Accepted at the First Conference on Language Modeling (COLM 2024)

Language models have become fundamental tools, enhancing everything from simple translation services to complex decision-making processes. While models like GPT and BERT have set impressive benchmarks, their primary focus has often been on English or other high-resource languages. This emphasis overlooks a vast spectrum of global languages, each with unique linguistic features and cultural significance.

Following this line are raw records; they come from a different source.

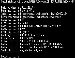 | FiLENAME: | See.Reich.der.Blinden.S01E05.German.DL.1080p.WEB.h264-WvF.mkv |
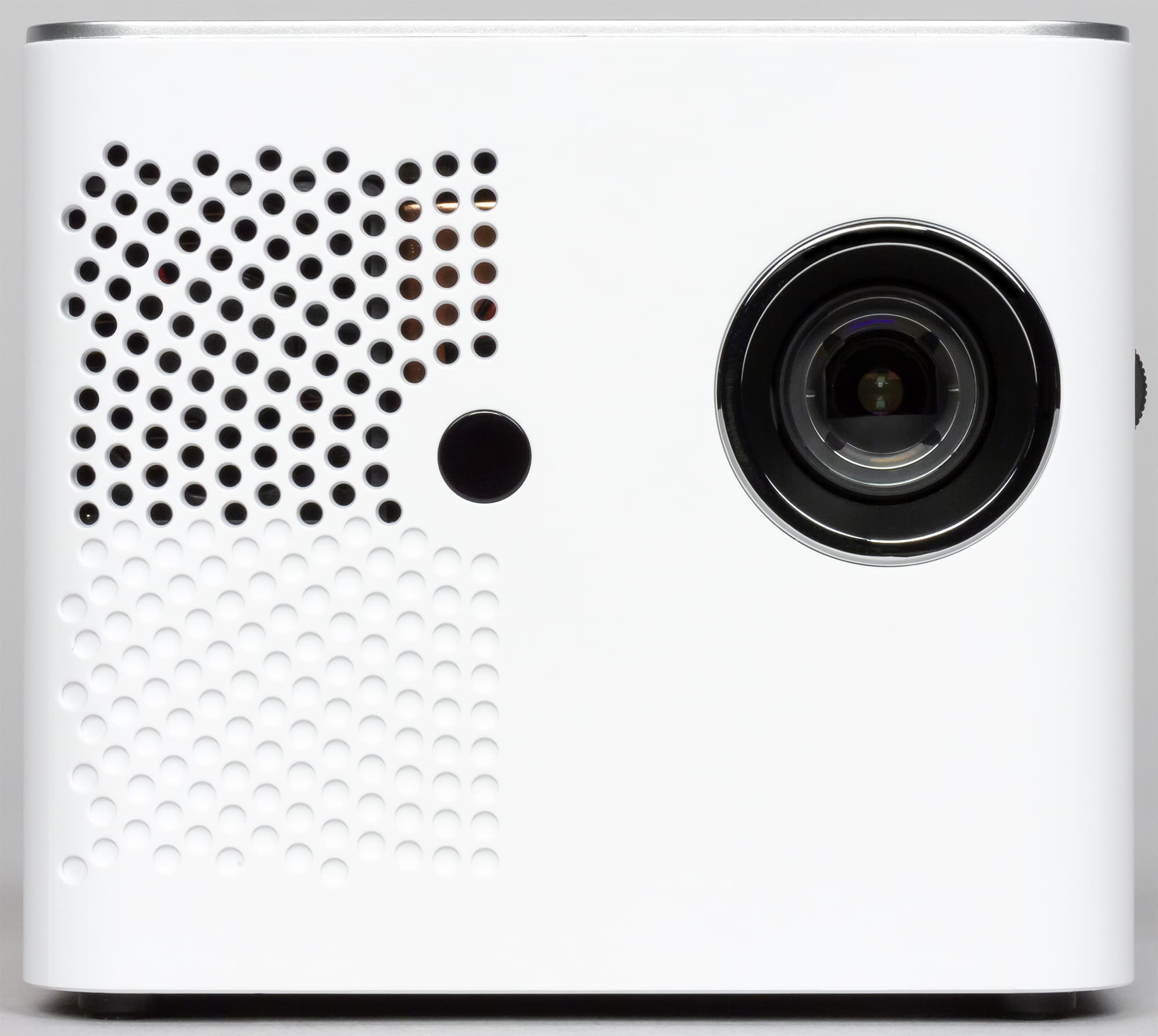 Спереди слева от объектива — вентиляционная решетка, через которую выдувается теплый воздух, и окошко единственного ИК-приемника.
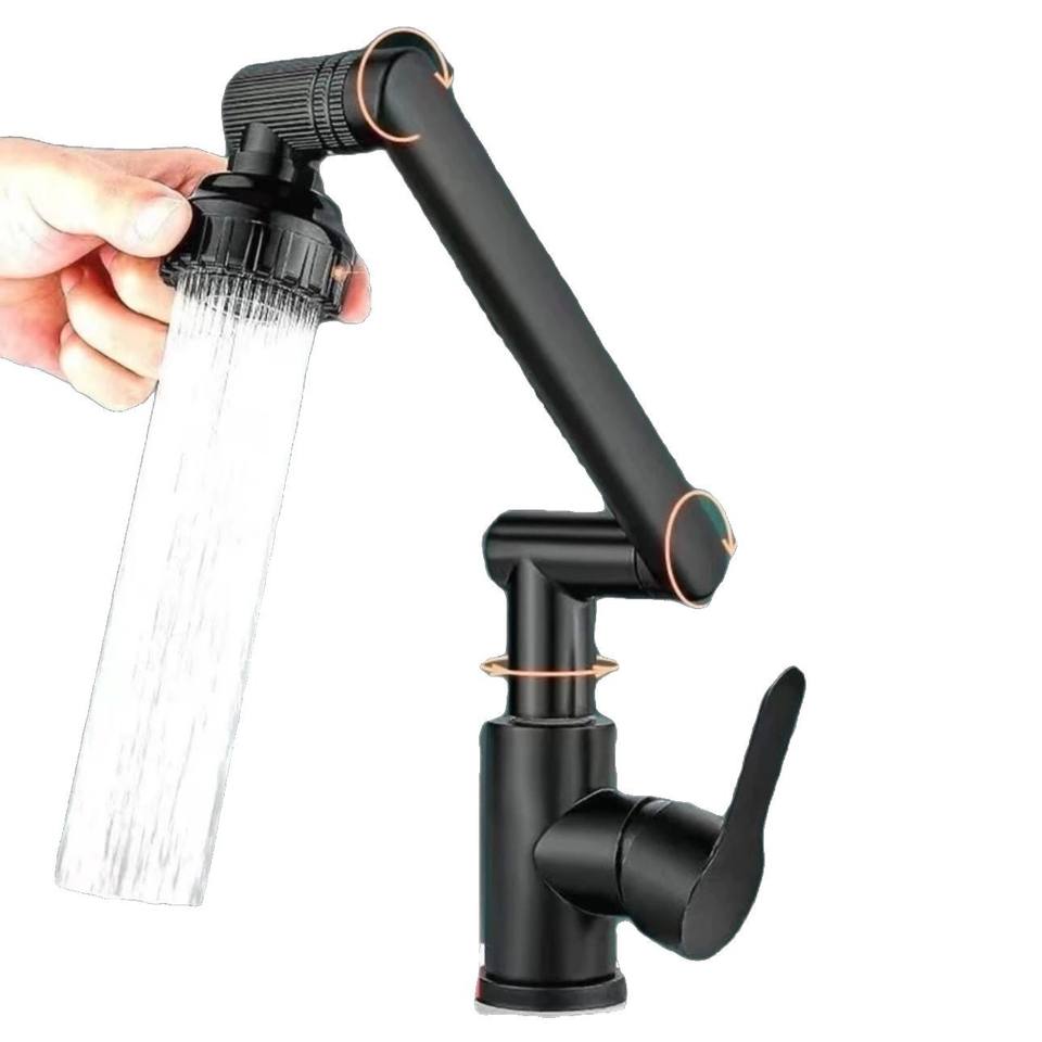 Robotic arm omnidirectional rotating hot and cold water faucet
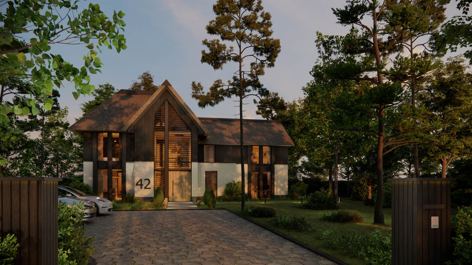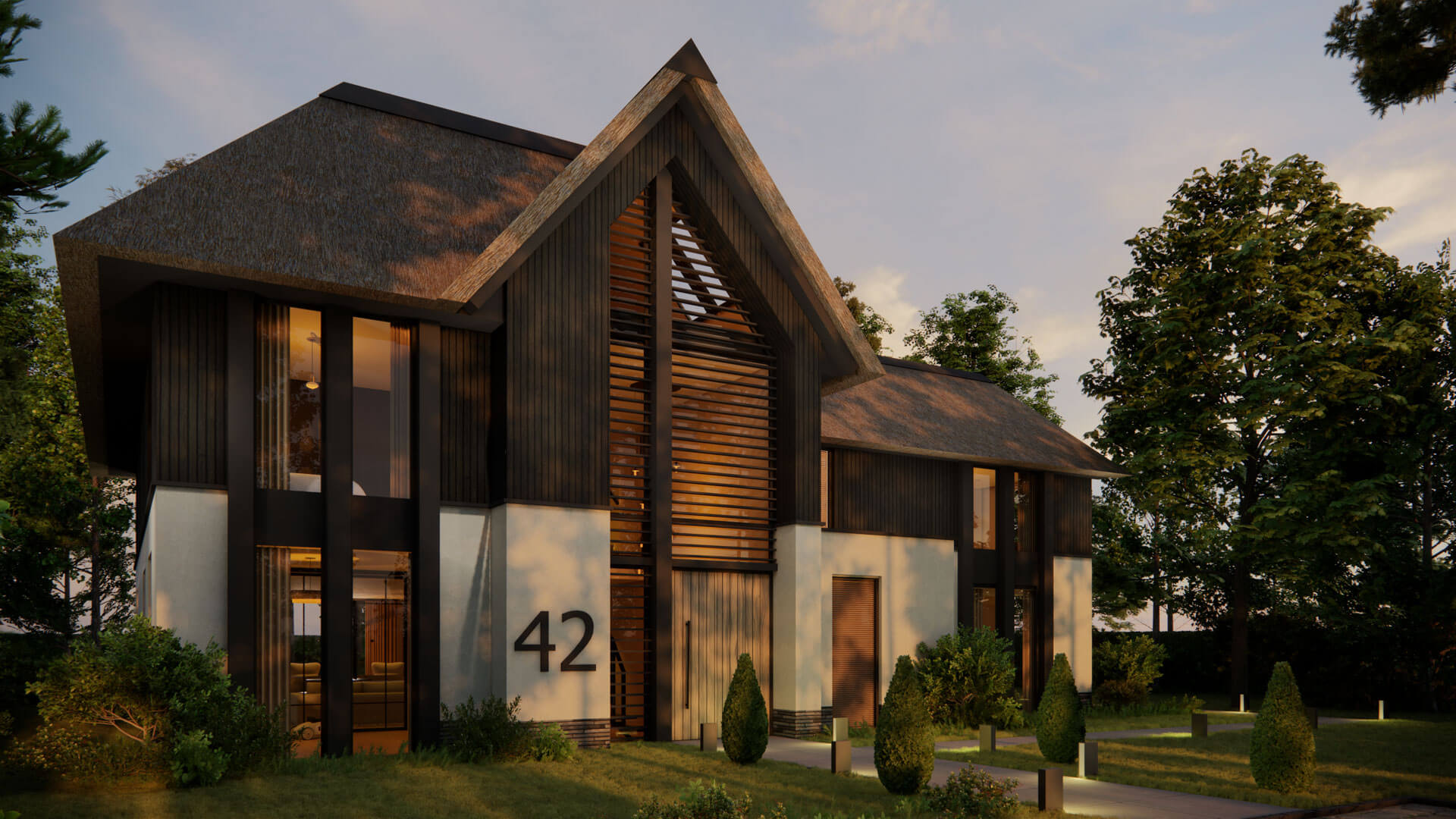 In een prachtige omgeving in Gelderland wordt een jaren '50 woning verbouwd tot moderne villa. Met stucwerk, langgerekte stenen en verticaal donker hout krijgt het een compleet nieuwe uitstraling. De strakke rieten kap maakt het helemaal af.
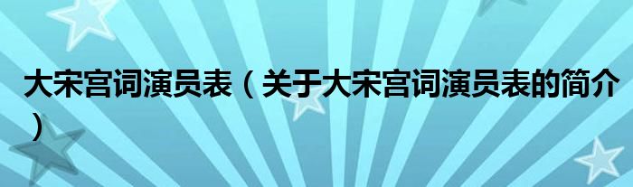 本文關于大宋宮詞演員表的簡介就講解完畢,希望對大家有所幫助。

Developing language models for a wider range of languages democratizes access to technology, allowing non-English speakers to benefit from advancements in AI. Our Dutch MLMs, RobBERT and RobBERT-2023, have shown that there is a demand for non-English models and their performance illustrates that language-specific models can achieve high performance while addressing unique linguistic traits.

Moreover, linguistic diversity in AI helps preserve cultural heritage and promotes equitable access to information and technology. By designing models that are capable of understanding and generating text in low-resource languages, we not only expand the reach of AI applications but also ensure that no language community is left behind. This is especially vital for languages that are underrepresented in technology, where the resources are limited, and existing language models often fail.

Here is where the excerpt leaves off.